▶ Work to complete
Nothing but the lines below from the one containing "上野ハジメです。12月12日" through the one containing "Make this beautiful" should appear in the answer, exact and without pictures.
(Source records)
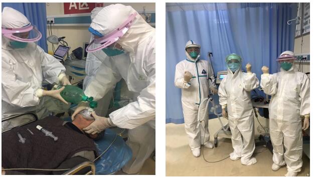 一系列的抢救工作有条不紊的展开着。他们忘记了时间,护目镜已被汗水浸湿,模糊成片。在他们努力下,病人生命体征平稳,血氧饱和度上升到95%。他们顺利的完成了抢救工作,把病人安全的护送至ICU病房。事后,他们三人瘫坐在板凳上,相视一笑,又投入到新的战斗中去!
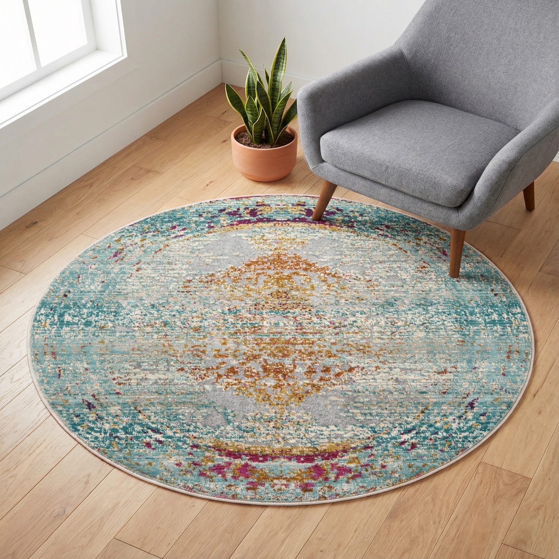 Primary color is Blue. Colors in this rug include: Blue, Gray, Ivory, Orange, Turquoise, Yellow, Violet, Light Blue.
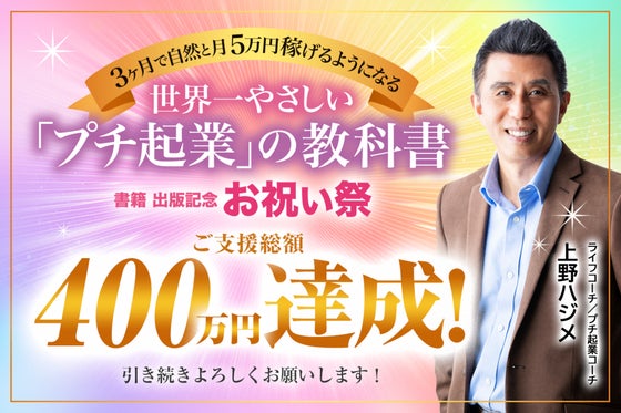 上野ハジメです。12月12日、プレジデント社さんより、初の書籍「3ヶ月で自然と月5万円稼げるようになる〜世界一やさしい『プチ起業』の教科書」の出版が決定しました...
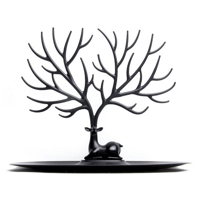 Make this beautiful deer design jewelry stand a centerpiece of your vanity or bathroom counter. The lovely design adds a touch of classic beauty to your space, while the deer's antlers form branches can provide you with a place to display, store, and organize your necklaces, bracelets, rings. You can also use the oval shaped tray at the bottom of this jewelry holder to store more rings, bracelets, necklaces, baubles, and other items.
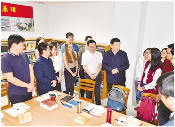 随后,习近平走进国际马克思主义文献中心,察看馆藏马克思主义典籍,询问“马藏工程”进展情况,称赞他们的工作非常有意义。阅览室里,一些中外学生正在就“解读新时代”进行座谈交流。习近平走到他们中间,认真倾听讨论,并同大家互动交流。总书记问大家为什么选择马克思主义专业、学习这个专业有什么体会,同学们兴奋地一一回答。同学们问总书记“您是一个坚定的马克思主义者,您学习马克思主义有什么好的方法”,总书记热情同大家分享了自己的学习经验。他对在场的外国留学生说,要了解中国,就要了解中国的历史、文化、人文思想和发展阶段,特别是要了解当代中国的马克思主义。习近平强调,北京大学是中国最早传播和研究马克思主义的地方,为马克思主义在中国的传播和中国共产党的成立作出了重要贡献。今年是马克思诞辰200周年,也是《共产党宣言》诞生170周年。我们对马克思和《共产党宣言》的最好纪念,就是把党的十九大精神和新时代中国特色社会主义思想这一当代中国马克思主义研究好、宣传好、贯彻好。他勉励大家紧密联系世情国情党情的变化,认真开展新时代中国特色社会主义思想研究,拿出更多有分量有说服力的研究成果。
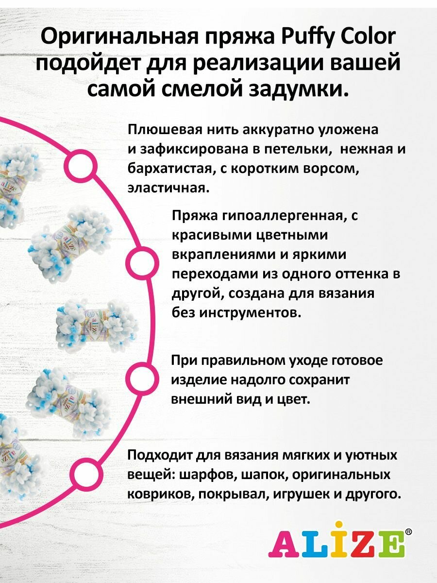 10 цен на Пряжа для вязания ALIZE 'Puffy Color', 100г, 9м (100% микрополиэстер) (6472 секционный), 5 мотков
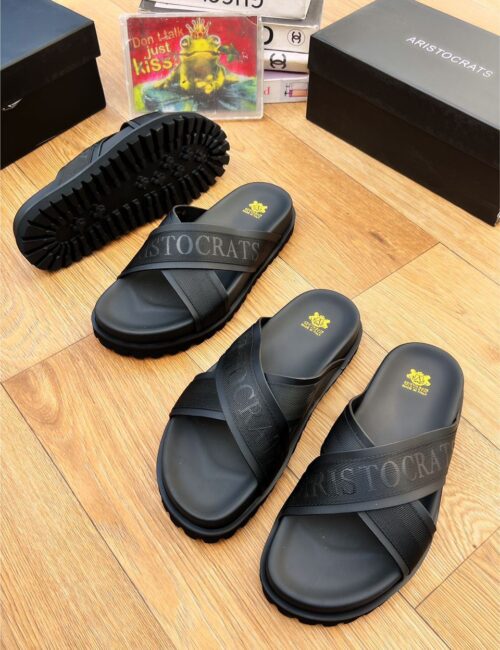 Step into comfort and style with The Aristocrats Crest Cross-Strap Slide. Featuring bold ARISTOCRATS branding on its black cross-over straps and a supportive, chunky lug sole, these slides offer a blend of luxury and casual sophistication.
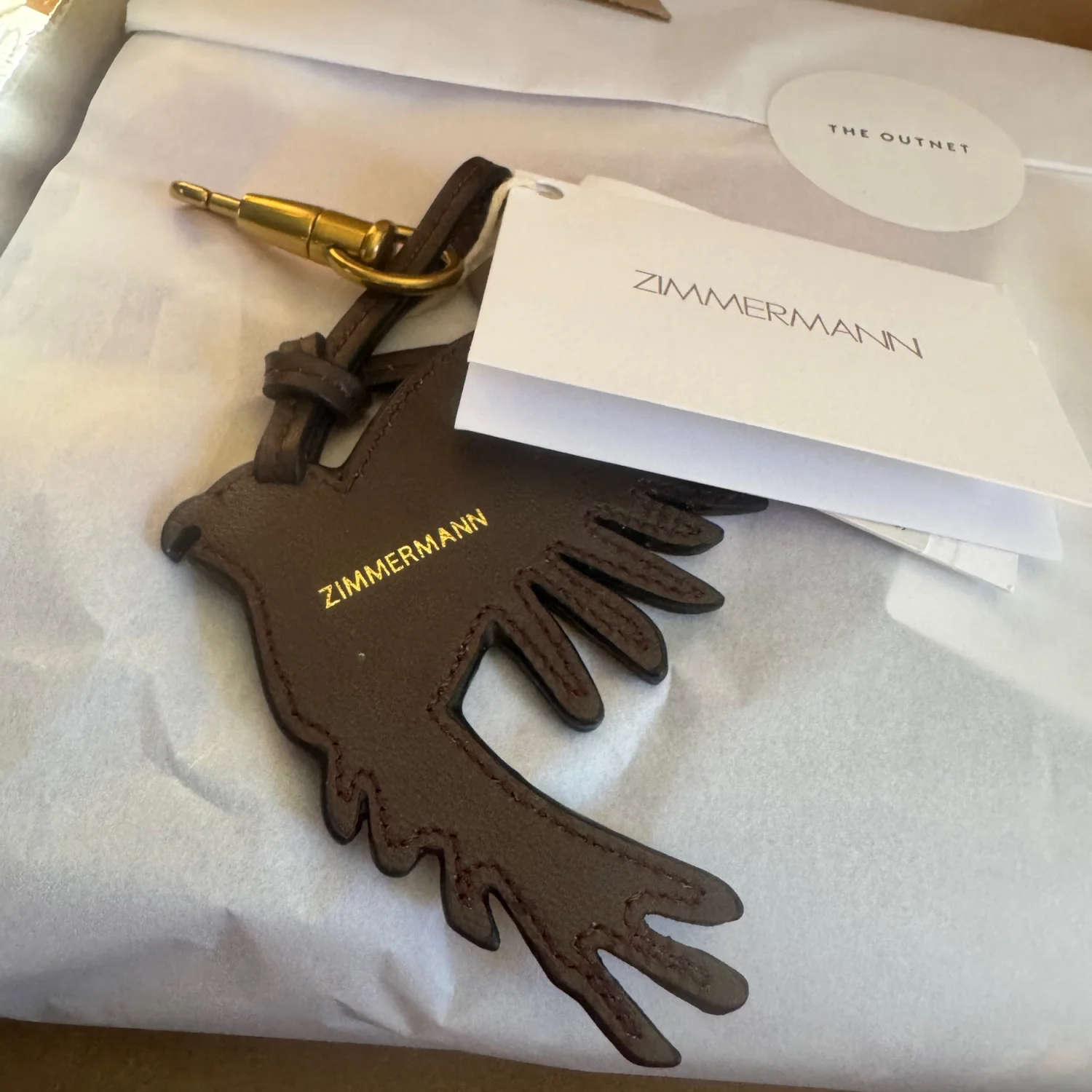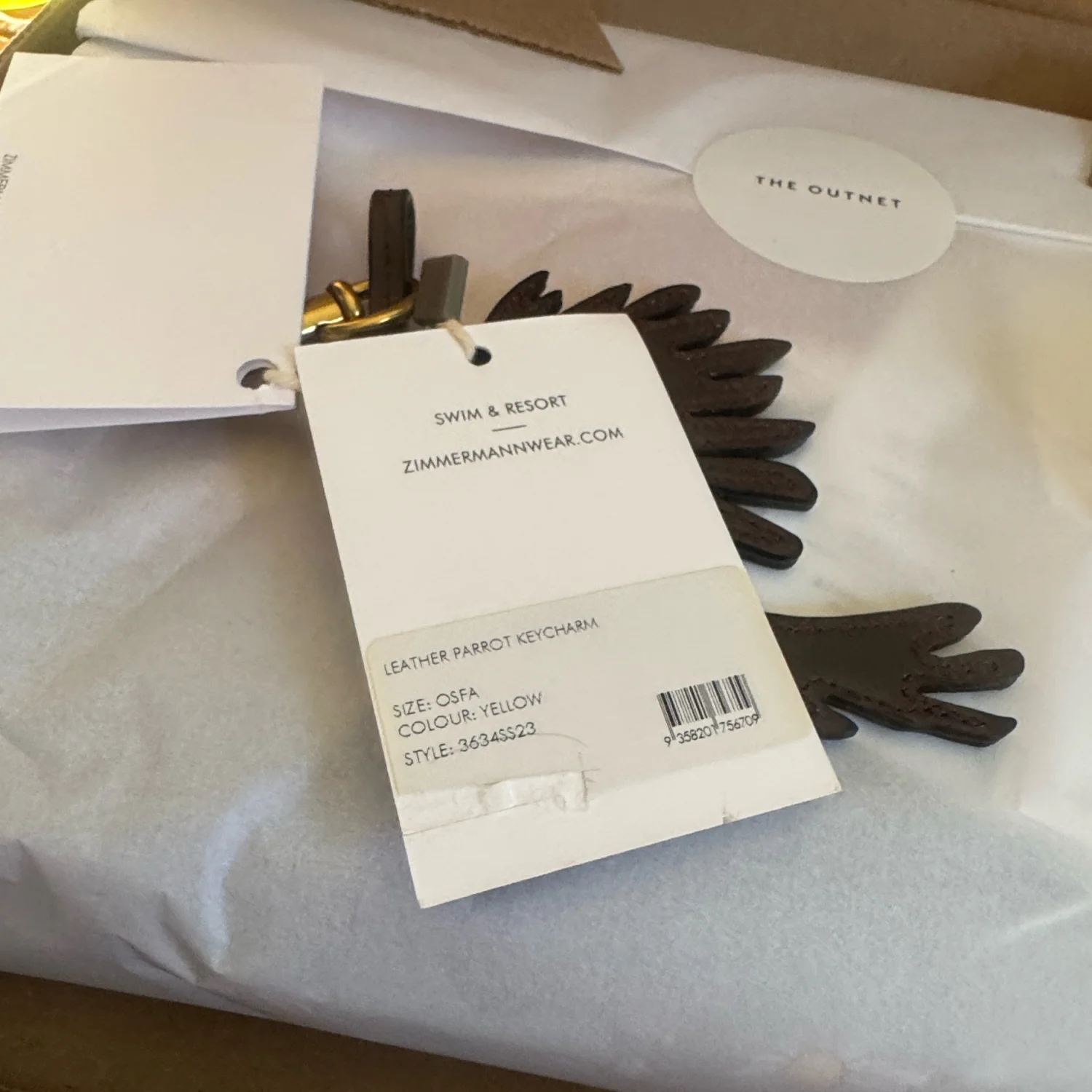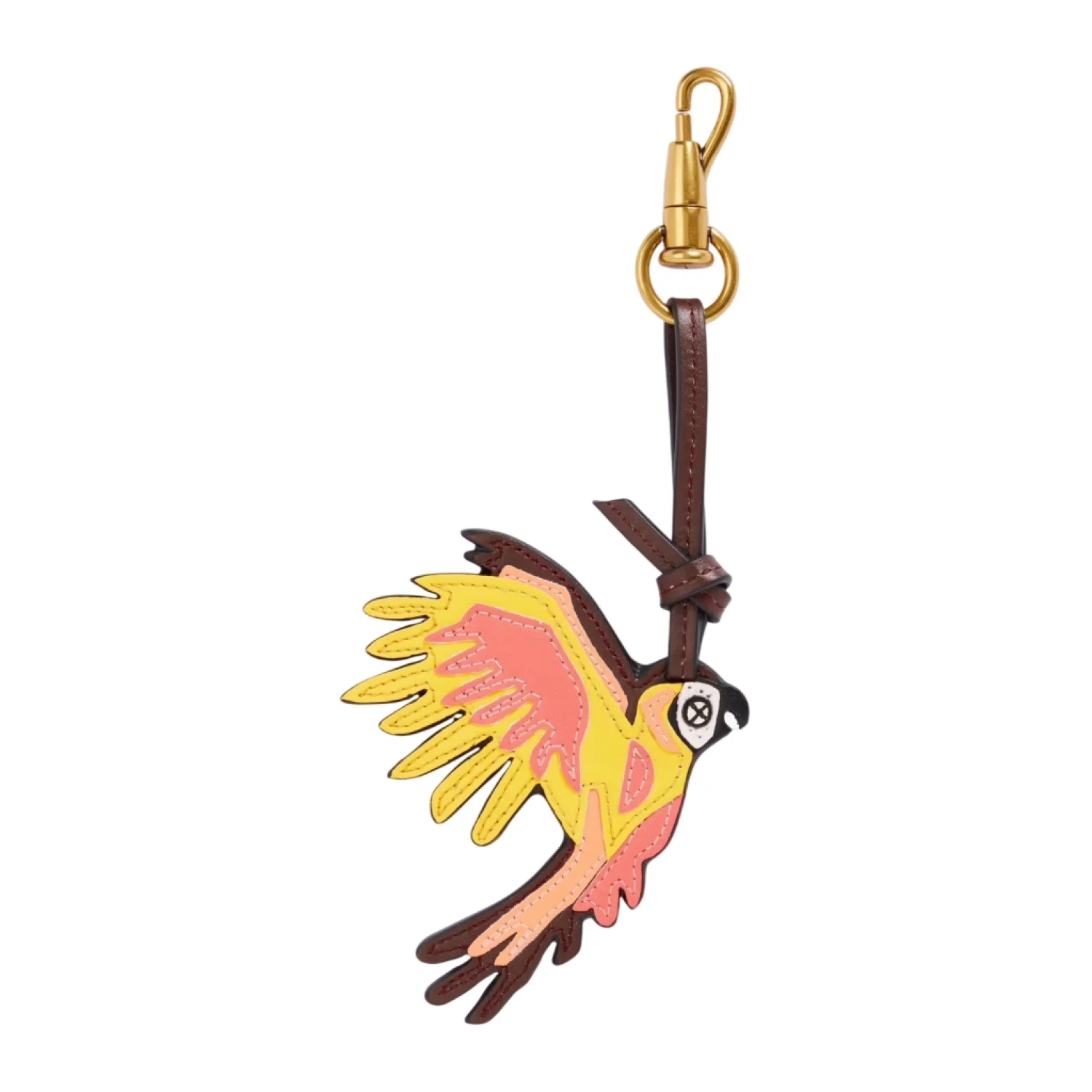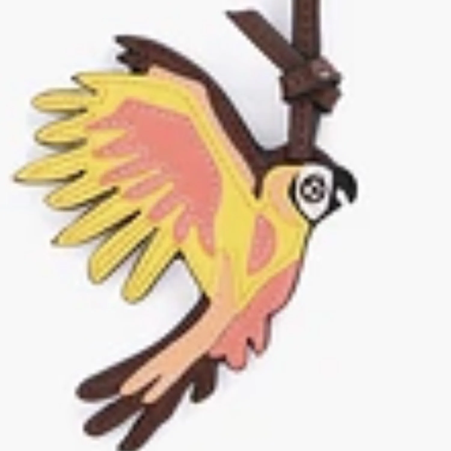 This Zimmermann leather keychain features a vibrant parrot design in shades of yellow, pink, and brown. Equipped with a gold-tone clasp, it's perfect for adding a playful touch to your keys or bag. The piece is crafted with attention to detail, ensuring high quality and durability. Ideal as a fun accessory or a gift. #Keychain #Leather #ParrotDesign
(End Source records)
▶ Reply to the task
 上野ハジメです。12月12日、プレジデント社さんより、初の書籍「3ヶ月で自然と月5万円稼げるようになる〜世界一やさしい『プチ起業』の教科書」の出版が決定しました...
 Make this beautiful deer design jewelry stand a centerpiece of your vanity or bathroom counter. The lovely design adds a touch of classic beauty to your space, while the deer's antlers form branches can provide you with a place to display, store, and organize your necklaces, bracelets, rings. You can also use the oval shaped tray at the bottom of this jewelry holder to store more rings, bracelets, necklaces, baubles, and other items.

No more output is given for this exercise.